That honestly does make me feel a bit better putting off upgrading my desktop for one game. It's something I have to do sooner or later since apparently Windows 11 (and presumably 12 whenever that comes out) require GPT not to mention clean installs are never a bad thing just tedious as all hell, but I'd rather be doing that at my leisure than stopping everything I've got going on to essentially start over. None of this would be a damn problem if Windows just allowed GPU passthrough to a virtual machine. With every passing day Linux looks more and more appealing, and I already have a linux machine setup as a media center under my living room TV.
All my drives are MBR, and I never was forced to convert to the pointless GPT even using the latest W11 builds
Any specific version of Enterprise LTSC or steps needed to make that happen? I had no problem in 2020 going from LTSB (2016) to LTSC (2019) with an MBR drive but for some reason "en-us_windows_10_enterprise_ltsc_2021_x64_dvd_d289cf96" gives me a hassle.
Well, I never had the problem, so I never tried to solve/workaround it. Sorry. But you may try to use a older ISO (say 2004 or 1809) and replacing it's install.wim with the one you intend to install.
No luck with the install.wim from 1809. Thanks for the suggestion anyway and no worries about not being able to help. The new puzzle for me is I've read suggestions about changing the boot method in my BIOS to legacy instead of UEFI and the weird part is when I do it doesn't find my OS. So I have an MBR drive which should boot in legacy mode but doesn't, it only boots in UEFI mode which apparently shouldn't be possible, but then its recognized as MBR and won't let me convert to GPT.
Enterprise 2021 LTSC = Win 10 and still runs on all ancient hardware including Legacy BIOS/MBR systems, only Win 11 21H2 and up officially requires UEFI/GPT but since (actually before) day one we got a tool that makes it work on most ancient hardware.
I mean I don't get it myself, from everything Windows is telling me I have a UEFI/MBR system which I'm reading online shouldn't be possible (BIOS mode in msinfo listed as UEFI, diskpart shows my C: drive and all its partitions are NOT GPT). For what its worth since my laptop drive is running nice and pretty with 21h2 (and it is GPT) I decided to grab it, connect it to my desktop and boot from it, installed Starfield, and surprise the game runs (not gonna say it runs fine. Very first thing I got was a Building Shaders message in the main menu but hey it launches at least) so the 2021 ISO does work but somethings wrong with my desktop in a way that I just can't upgrade. I think in the end I'm gonna go with my previous idea of getting a separate drive, attaching it to my laptop, doing a clean install and when everything is setup swapping it with my desktops C: drive. Thank you at least to everyone that chimed in and hopefully my problems helped guide somebody else to getting the game working.
Win10 Pro 22H2 x64 runs on such hardware too without any hacks (tested, confirmed, no issues).
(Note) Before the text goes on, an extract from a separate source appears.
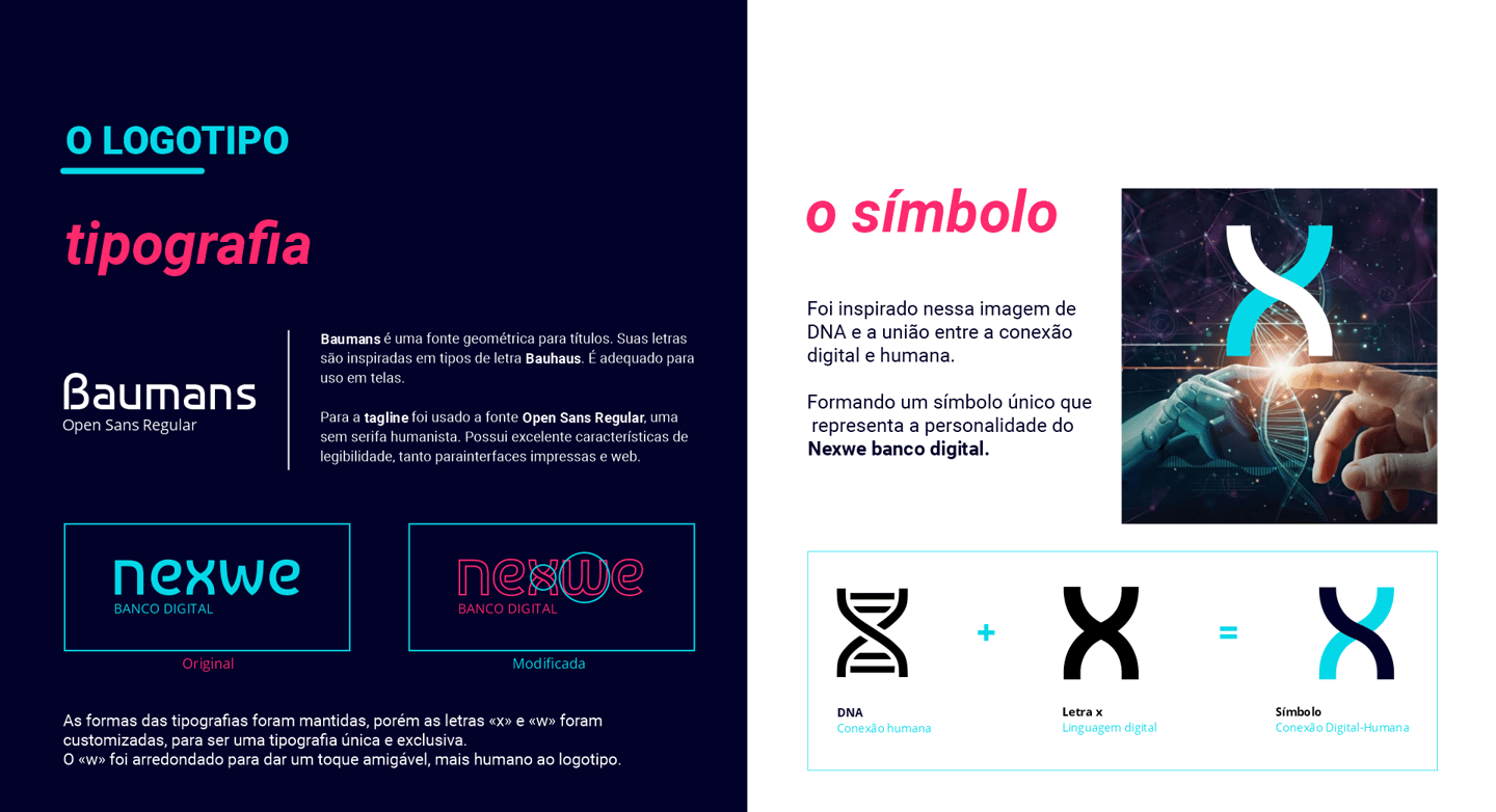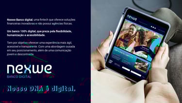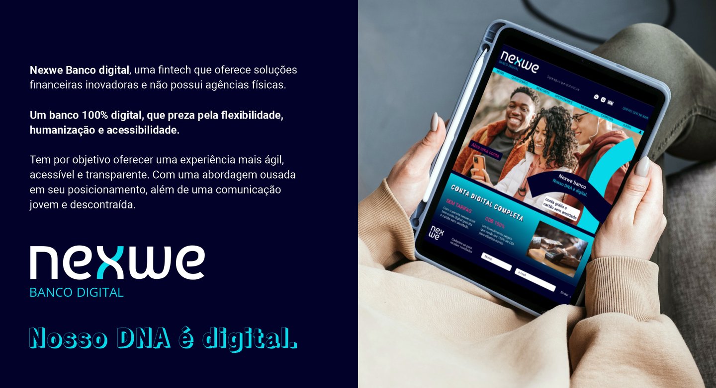 Projeto de identidade visual da Nexwe Banco Digital, uma fintech que oferece soluções financeiras inovadoras e não possui agências físicas. Um banco 100% digital, que preza pela flexibilidade, humanização e acessibilidade. Com uma abordagem ousada em seu posicionamento, além de uma comunicação jovem e descontraída.

Win10 Enterprise LTSC 2021 = Win10 Enterprise 21H2, so it is older than the above and as such it has to work either.
No need to go to a such complicate path, just deploy a fresh install in a native vhdx and add it to your bootloader, then dual boot with it. (the vhdx can be either GPT or MBR, no matter what your physical drive is initialized)
Dual booting is an option but I wanted to avoid it since its annoying having to close out everything else I have open and reboot just for one game and I can technically do that now anyway since I dual booted with my laptops drive and got the game running there so I can always just do that. I'm looking right now to see if I actually CAN run it through a VM with Hyper-V and apparently "paravirtualization". I'm not looking for 4K 120fps (at least not until more mods come out that fix the usual jank) so I don't mind if it hurts my performance a bit.
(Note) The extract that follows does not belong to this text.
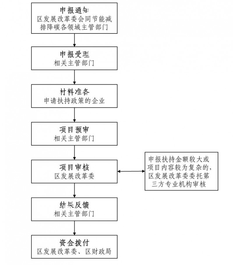 (二)申報受理。對區(qū)域節(jié)能減排降碳等領域發(fā)展作出積極貢獻的企業(yè),可以在項目申報指南規(guī)定的申請期內向相關主管部門申請扶持。
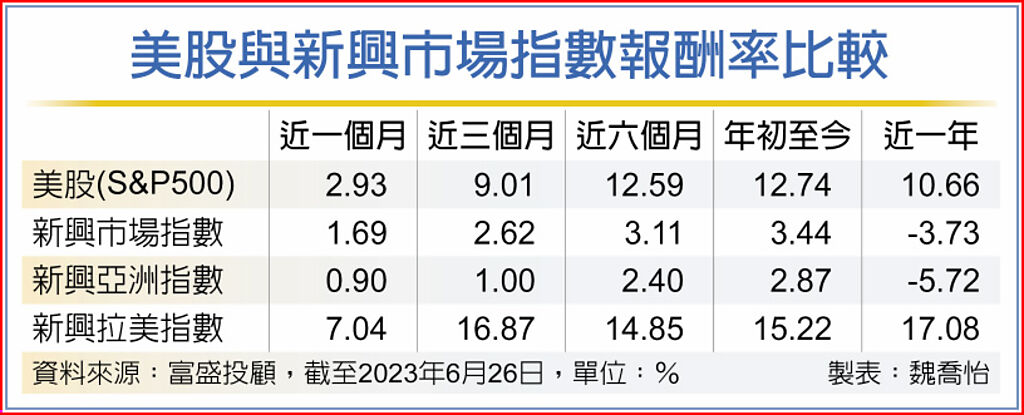 AI概念發燒,美股科技股飆升,6月創今年新高,但經濟衰退潛在風險仍存在,法人認為,據最新數據顯示,美國經濟活動減速跡象明顯,今年出現衰退的可能性不容忽視,建議可適度減碼美股,反觀新興市場受惠大陸重新開放,有機會成為下一個接續上漲標的。

I just responded to the separate drive thing. For Hyper-V if you want to have any hope to play games with it, just use remotefx (which MS removed since april 2021) so use anything before that date (or https://forums.mydigitallife.net/th...-ro-restore-it-after-april-2021-solved.83764/ )
"One year and a half later" Holy hell and you're telling me a clean OS is to much work. Seriously though congrats on getting remotefx working, I'll look into your post as well and see what I end up doing. Also I see what you mean about the separate drive thing.
Well it's not like I worked on it for more than an year, I just waited for someone smarter than me for a while, just blocking the updates to march 2021. Then I decided to pull the trigger, tried different approaches and ended to what I shared publicly. Few days spent on it but a method that still works today (19045.3393), sparing me huge amounts of time each time I need a new VM.
My reply was about the one claiming that Enterprise 2021 LTSC requires UEFI/GPT and i replied it is still win 10 and doesn't require UEFI/GPT and said that starting with Win 11 22000 (21H2) the new requirements officially need to be met and with that i said there is a tool from before 22000 was released that offers multiple bypasses for the new requirements.